The West accuses Iran of seeking to develop a nuclear

weapons capability and Israel has hinted at pre-emptive military

strikes to prevent its arch foe from obtaining such arms.

Iran, which has come under increasingly tough Western

sanctions targeting its oil exports, says its nuclear programme

is peaceful and has repeatedly ruled out suspending it.

Diplomats and analysts played down any expectations of a

major breakthrough in the first round of discussions, but said

the meeting may pave the ground for further negotiations aimed

at resolving the decade-long row.

Western officials have made clear their immediate priority

is to convince Tehran to cease the higher-grade uranium

enrichment it started in 2010. Iran has since sharply expanded

that work, shortening the time it would need for any weapons

“break out”.

Iran has signalled some flexibility over halting this work –

refining uranium to a fissile purity of 20 percent compared with

the 5 percent level required for power plants – but also

suggests it is not ready to do so yet.

The talks “will begin a very complex negotiation, and for

several months diplomacy will take some pressure off oil prices

and help keep the chance of Israeli strikes very low,” said

Cliff Kupchan, a Middle East analyst at the Eurasia Group.

But in the end, Kupchan said renewed diplomacy was unlikely

to yield a resolution to the crisis, which has helped push

global oil prices higher this year.

TRUST DEFICIT

Iranian state television showed footage of Iranian chief

nuclear negotiator Saeed Jalili getting into a car at the

airport of Turkey’s biggest city.

“The head of Iran’s Supreme National Security Council, Saeed

Jalili, arrived in Istanbul on Friday and was welcomed by local

officials as well as Iran’s envoy to Turkey, Bahman

Hosseinpour,” Iran’s official IRNA news agency said.

Jalili headed a four-member Iranian delegation, state

television said. An Iranian news agency later said his deputy

Ali Baqeri held talks with a senior Chinese official in Istanbul

on Friday and would also meet a Russian delegate.

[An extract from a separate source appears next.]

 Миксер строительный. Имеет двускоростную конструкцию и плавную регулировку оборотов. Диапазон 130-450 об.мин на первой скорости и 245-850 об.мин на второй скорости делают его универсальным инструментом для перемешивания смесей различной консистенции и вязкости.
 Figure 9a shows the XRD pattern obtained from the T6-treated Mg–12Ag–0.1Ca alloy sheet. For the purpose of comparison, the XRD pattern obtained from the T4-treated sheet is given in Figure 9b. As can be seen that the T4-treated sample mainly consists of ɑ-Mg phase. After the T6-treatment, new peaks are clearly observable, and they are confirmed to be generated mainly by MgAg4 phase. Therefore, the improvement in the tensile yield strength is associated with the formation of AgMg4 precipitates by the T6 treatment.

The formal talks with the six powers and their chief

representative, European Union foreign policy chief Catherine

Ashton, will get underway on Saturday, but Ashton and Jalili are

expected to meet over dinner on Friday evening.

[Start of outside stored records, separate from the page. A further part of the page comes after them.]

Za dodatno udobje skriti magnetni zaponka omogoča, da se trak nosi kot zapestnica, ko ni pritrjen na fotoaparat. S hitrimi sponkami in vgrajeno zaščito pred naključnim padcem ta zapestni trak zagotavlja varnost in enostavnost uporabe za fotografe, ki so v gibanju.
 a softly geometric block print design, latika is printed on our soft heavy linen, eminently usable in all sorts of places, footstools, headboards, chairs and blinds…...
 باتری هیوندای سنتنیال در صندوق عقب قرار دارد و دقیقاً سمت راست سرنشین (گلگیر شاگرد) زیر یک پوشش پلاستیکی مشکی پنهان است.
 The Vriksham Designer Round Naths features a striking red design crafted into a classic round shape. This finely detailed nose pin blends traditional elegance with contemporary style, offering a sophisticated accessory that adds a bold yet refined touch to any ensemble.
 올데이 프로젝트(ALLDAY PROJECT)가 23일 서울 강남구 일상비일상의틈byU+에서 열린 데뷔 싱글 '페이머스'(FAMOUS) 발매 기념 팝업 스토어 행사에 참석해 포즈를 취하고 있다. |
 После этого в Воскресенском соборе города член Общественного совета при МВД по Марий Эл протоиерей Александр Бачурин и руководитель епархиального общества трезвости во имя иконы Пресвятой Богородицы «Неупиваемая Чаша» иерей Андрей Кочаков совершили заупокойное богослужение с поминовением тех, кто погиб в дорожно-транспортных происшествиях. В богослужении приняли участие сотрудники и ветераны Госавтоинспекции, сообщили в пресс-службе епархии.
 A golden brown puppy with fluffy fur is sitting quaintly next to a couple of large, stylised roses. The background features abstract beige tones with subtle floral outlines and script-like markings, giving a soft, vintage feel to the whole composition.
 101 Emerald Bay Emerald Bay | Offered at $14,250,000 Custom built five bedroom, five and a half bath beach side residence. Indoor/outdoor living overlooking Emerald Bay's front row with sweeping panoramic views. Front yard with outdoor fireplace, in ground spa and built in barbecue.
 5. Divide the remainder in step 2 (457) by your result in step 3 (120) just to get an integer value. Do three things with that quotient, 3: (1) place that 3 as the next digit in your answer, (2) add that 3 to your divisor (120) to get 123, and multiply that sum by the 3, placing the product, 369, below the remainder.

The last time the two sides met, also in Istanbul in January

last year, they could not even agree an agenda.

Both sides signalled in the run-up to Saturday’s discussions

their intent to give diplomacy a real chance.

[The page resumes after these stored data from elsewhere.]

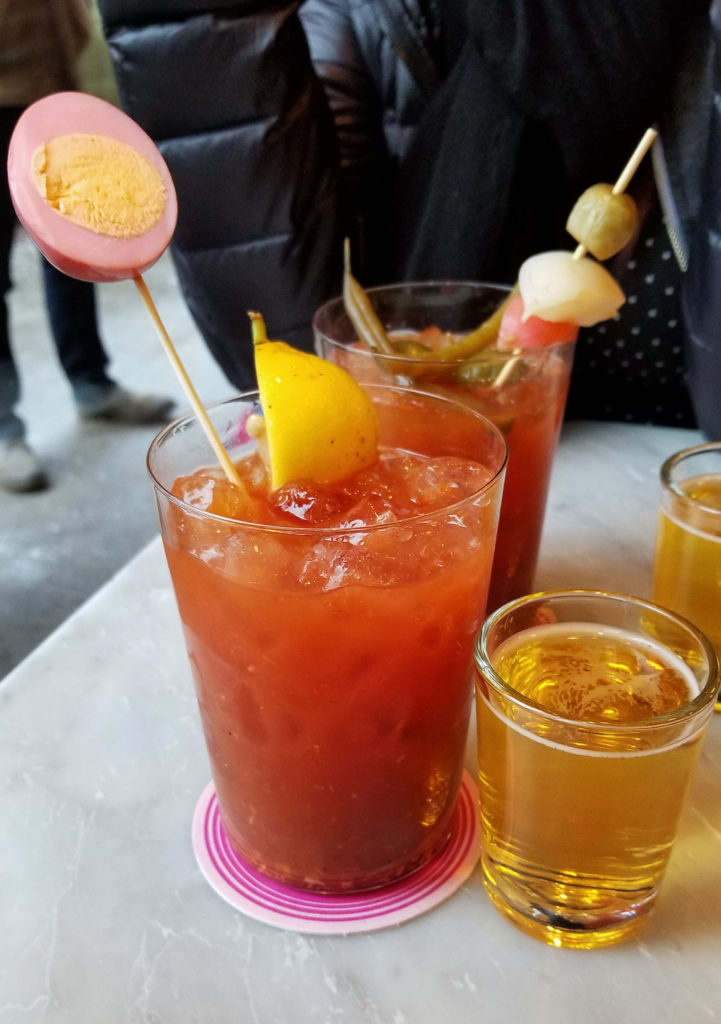 Mine was made with gin and garnished with a pickled egg, and my wife got a vodka based one with some southern spices, caper berries and pickled beans. I actually mixed my beer into the bloody when I was about halfway done, to make what was almost like a michelada.
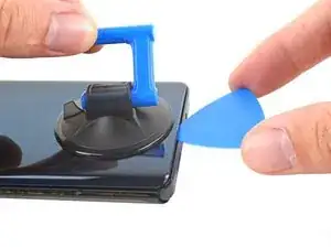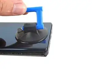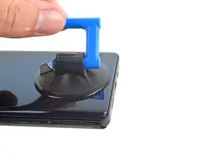 Потяните присоску вверх с сильной, равномерной силой, чтобы создать зазор между задней крышкой и рамкой.
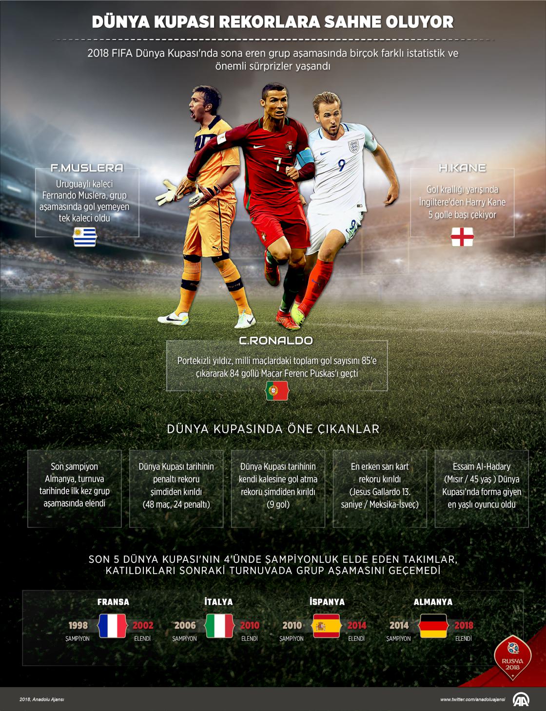 2018 FIFA Dünya Kupası'nın sona eren grup aşamasında en büyük sürprize turnuvaya veda eden son şampiyon Almanya imza attı. Rusya'nın ev sahipliği yaptığı turnuvada son 16 turu heyecanı başlarken, 48 karşılaşmanın yapıldığı grup aşamasında birçok farklı istatistik ve önemli sürprizler yaşandı. Brezilya'da düzenlenen 2014 Dünya Kupası'nda ve son olarak 2017 FIFA Konfederasyonlar Kupası'nda şampiyonluğa ulaşan Almanya, favori olarak katıldığı şampiyonada büyük hüsran yaşadı. ( Kemal Delikmen - Anadolu Ajansı )29 Haziran 2018•Güncelleme: 29 Haziran 2018
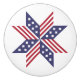 Decoren sus muebles con este botón con esta bandera patriótica de las Estrellas de Estados Unidos y de las Rayas en el rojo de la gloria antigua y azul de la gloria antigua. La estrella de ocho puntas tiene la forma de un símbolo nativo americano. Los colores son uno de los conjuntos aprobados de valores RGB. La imagen está diseñada como un vector.
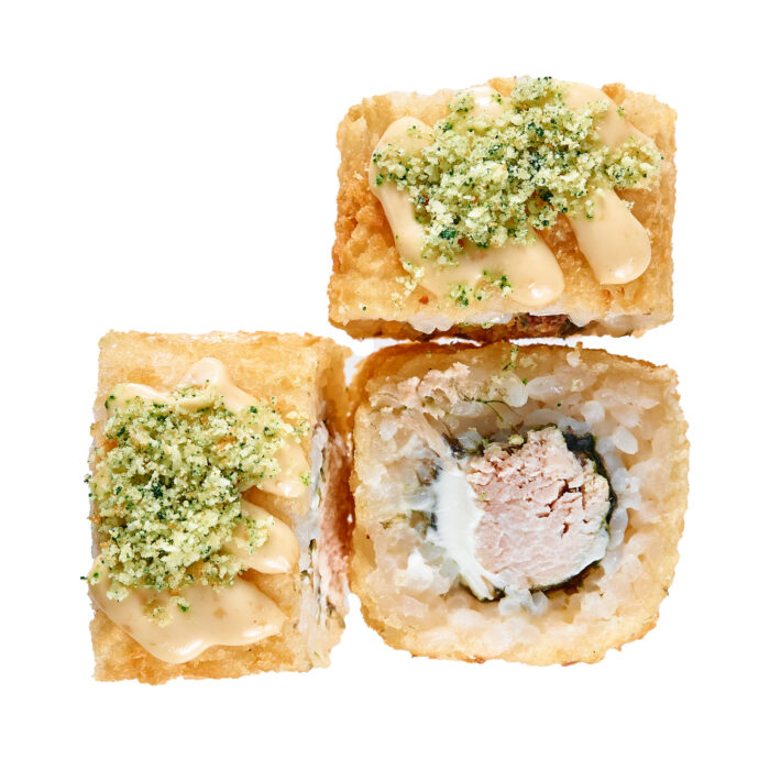 Выбор начинки: куриное филе, лосось или креветки даёт возможность разнообразить блюдо. Ролл украшается черри и листом салата и сырным декором и подаётся с комплектом имбиря, васаби и соевого соуса. В порции 8 штук
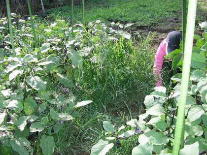 雑草取り(2年生) 公開日 2011/07/24 更新日 2011/07/23 2年生 夏休みに入り、子どもたちが育てているナスの周辺に雑草が生えてきました。子どもたちのナスが大きく育つよう雑草取りをしました。(7月22日)

“We hope that this first round will produce a conducive

environment for concrete results through a sustained process,”

Ashton’s spokesman Michael Mann said in an email.

Iranian Foreign Minister Ali Akbar Salehi, in a rare opinion

piece in a U.S. newspaper, said his country hoped that all sides

would commit to comprehensive dialogue and that negotiators make

“genuine efforts to reestablish confidence and trust”.

Defying toughening sanctions, Iran has continued to expand

its uranium enrichment programme – activity which can have both

civilian and military purposes – and experts say it now has

enough material for four atomic bombs if processed much further.

Mark Fitzpatrick, a director of the International Institute

for Strategic Studies think-tank, said getting Iran to halt 20

percent enrichment would be an interim goal “to put a lid on the

most troublesome” aspect of Iran’s nuclear programme.

A long-term deal will have to “provide confidence that Iran

cannot quickly produce nuclear weapons,” he told Reuters, adding

this would require both better monitoring of Iran’s nuclear work

and limits on its uranium enrichment and stockpiles.